Нет никаких ручек, только железный каркас, салон сварен из двух половин разных машин. Теперь понятно, чего они все отряхивались, – вместо обивки на сиденье брошены старые куски поролона, которые крошатся. Машина еле тащится, подскакивая на ямах.
Наконец приехали. Прохожу через Callejon de Hame, где стоят неподвижно люди, зазывая в свои галереи, а на отказ предлагают сигары. На скамейках курят девушки. Что-то неразборчиво говорят вслед. Стараюсь не вертеть головой. Сворачиваю налево и сразу вижу его.

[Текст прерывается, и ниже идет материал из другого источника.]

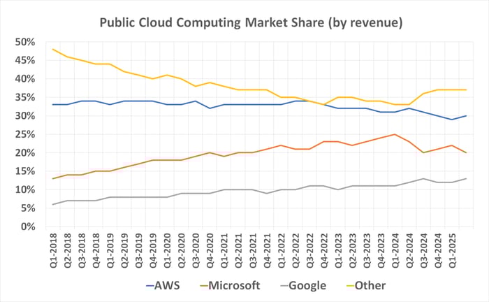 There’s an important detail, however, being left out of the discussion. That’s the fact that AWS is more than twice as big as either of the two top rivals. In fact, data compiled by Synergy Research Group indicates that with its 30% share of the global cloud market’s total revenue, Amazon’s cloud business is 50% bigger than next-nearest Microsoft. And while Microsoft’s total Q2 cloud revenue improved year over year, it’s been losing market share since early last year. Amazon’s share at least ticked a little higher last quarter.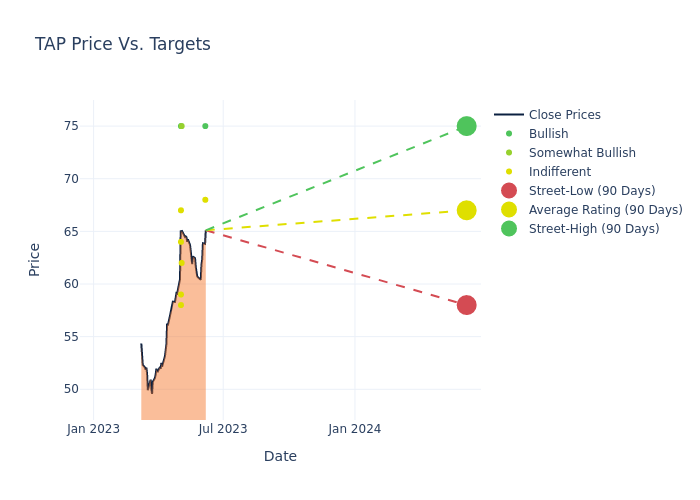 In the last 3 months, 12 analysts have offered 12-month price targets for Molson Coors Beverage. The company has an average price target of $65.25 with a high of $75.00 and a low of $52.00.

Пабло – старик в тяжелых очках на носу, что торчит килем на его маленьком лице. Сидит на крыльце, в дверном проеме. Подхожу, здороваюсь, он внимательно смотрит на меня, скрестив на худых коленях руки, и вдруг смеется беззубым ртом. Встает, снимает бейсболку, разглаживает ладонью остатки волос, впиваясь длинными ногтями, натягивает кепку опять на голову. Обнимает меня, хлопая по спине, заводит в дом.
Темная комната выкрашена синей краской, на стене несколько распятий, портрет дочери и его, Пабло, но моложе и в других очках. Там же фотография Ростроповича, сделанная на концерте здесь, в Гаване. Ростропович у стены в граффити словно удерживает виолончель, чтобы та не упала. Дальше целая галерея: Бетховен, Лист, Чайковский, Малер, а за ними газетный Обама. В центре – пятно от картины, которая когда-то здесь была, но теперь это только пятно на стене с гвоздем. Эту картину Пабло продал в прошлом году. Все в пленке рыжей пыли, похожей на ржавый налет. Он проводит по картинкам кривым пальцем, оставляя след. Пабло смеется и манит меня в спальню. Открывает перекошенную дверь платяного шкафа, подмигивает и достает отретушированную фотографию Нормы Джин, когда она еще не стала Мэрилин Монро и не отрезала себе кончик носа, а весело лежит на оранжевом фоне, обнаженная, розовая. Пабло щелкает языком и поднимает вверх большой палец.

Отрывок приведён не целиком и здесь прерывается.